A prevailing theory about life and our oceans is that both may have been supplied with materials delivered by comets and asteroids. We have learned that not only do comets contain large amounts of water ice, but individuals like 67P/Churyumov-Gerasimenko tell us that there are organic compounds — the chemical building-blocks of life — to be found in the leftover debris of the solar system’s formation.
The young Earth was at one time a hot ball of molten lava, but at some point as it cooled it acquired oceans of liquid water, and maybe soon after this, its first life forms. Questions for a long time have been, where did the oceans’ waters come from, and how did life arise?
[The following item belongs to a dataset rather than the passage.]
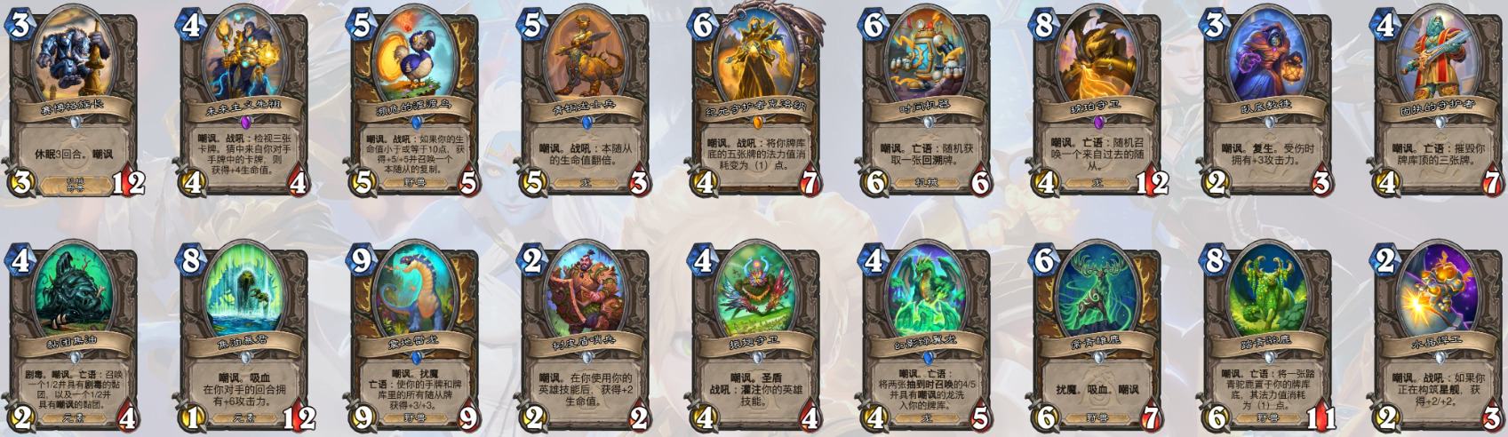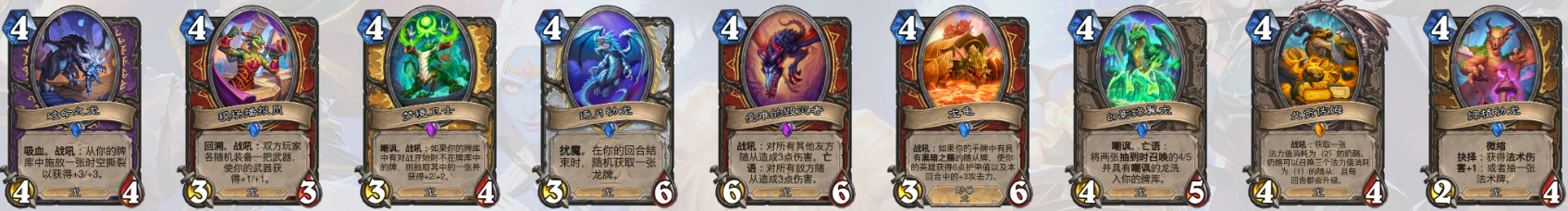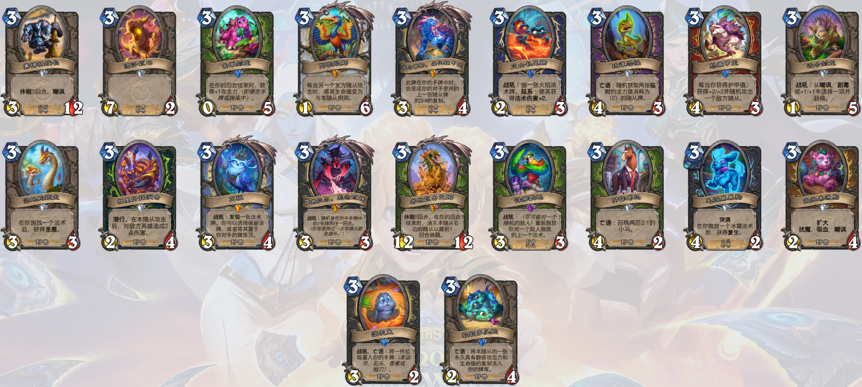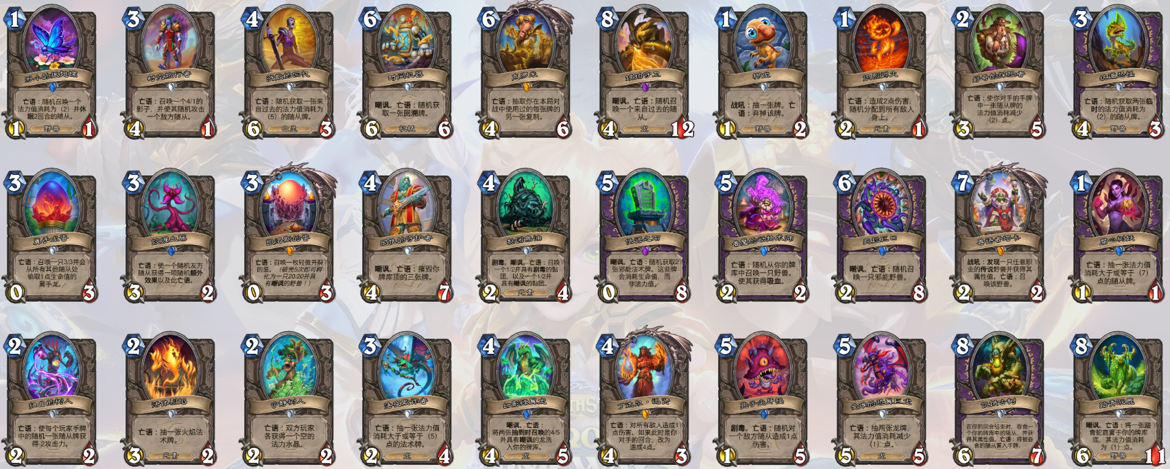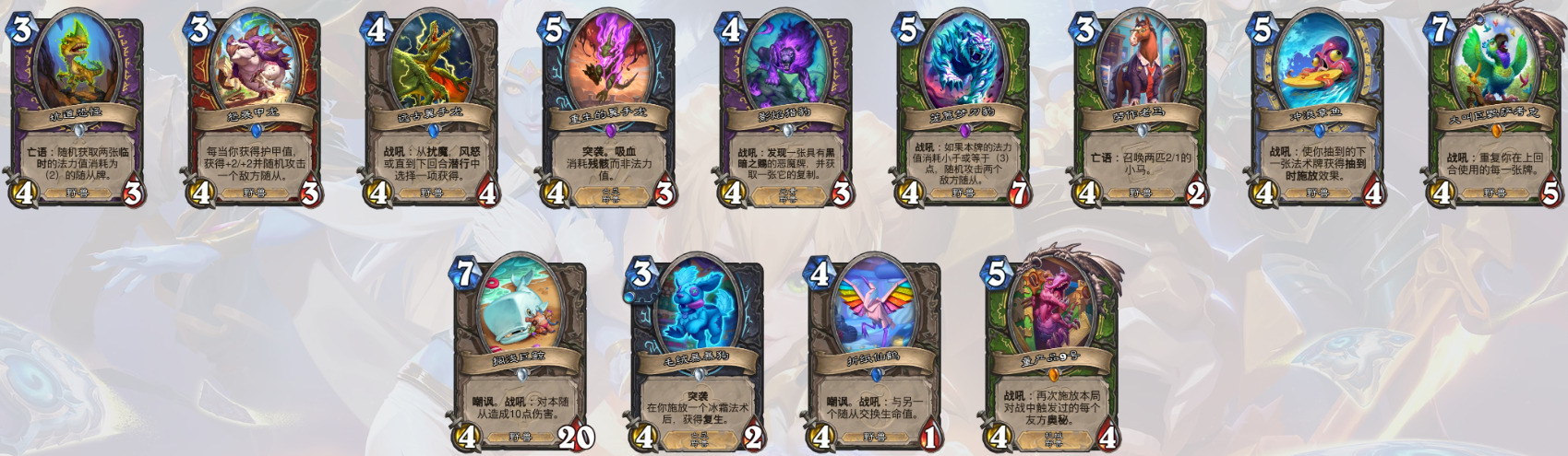 4费:共54张,比较好的牌有时光循环者托奇、黏团焦油、狡诈拷问者、振翅守卫、梦魇之王萨维斯、沙滩塑形师蕾拉、随行肉虫、诚信商家格里伏塔、戈贡佐姆、霜巫十字绣、恋旧的侏儒、折纸仙鹤、套娃傀儡等15张左右,占比约27.8%;

Did water and organic compounds form directly from the cooling materials on Earth, or were those materials added by the impacts of comets and asteroids? Or both?
The water in some comets is a nearly perfect chemical match for the water in our oceans today — a very clear “smoking gun” that comets and asteroids may have served as a sort of “bucket brigade” to deliver those waters.
It turns out that comet 67P/Churyumov-Gerasimenko’s water is not a match to Earth’s, so comets of its type would have contributed less to Earth’s oceans than others. But 67P’s organic compounds, like glycine, support the idea of the cosmic origins of life’s raw materials.
So what about Rosetta’s planned collision with the comet? Do its controllers back on Earth just want to see a big crash? Not exactly.
Deliberate collisions of spacecraft with natural celestial bodies are done for more than one reason. The fiery burn-up of NASA’s Galileo spacecraft in Jupiter’s atmosphere was done simply to prevent a soon-to-be-derelict spacecraft and its radiogenic fuel from flying around uncontrolled. In this case it was done to eliminate the possibility of a future collision with the moon Europa, on which Galileo discovered an ocean of liquid water — a potential home for life. The same fate awaits the Cassini spacecraft which will crash into Saturn in 2017.
In Rosetta’s case, the spacecraft would’ve died a natural death anyway, when the comet moves too far from the sun for Rosetta’s solar panels to maintain power. A final flight straight to the comet’s surface will let scientists collect data on the comet’s surface and coma (the shroud of gas and dust surrounding the nucleus), hopefully right up to the point of contact.
Rosetta won’t be plummeting into the comet in a fiery explosion, but easing in slowly. After this, Rosetta, along with Philae, will become permanent fixtures on the comet, a sort of monument and time capsule for the mission.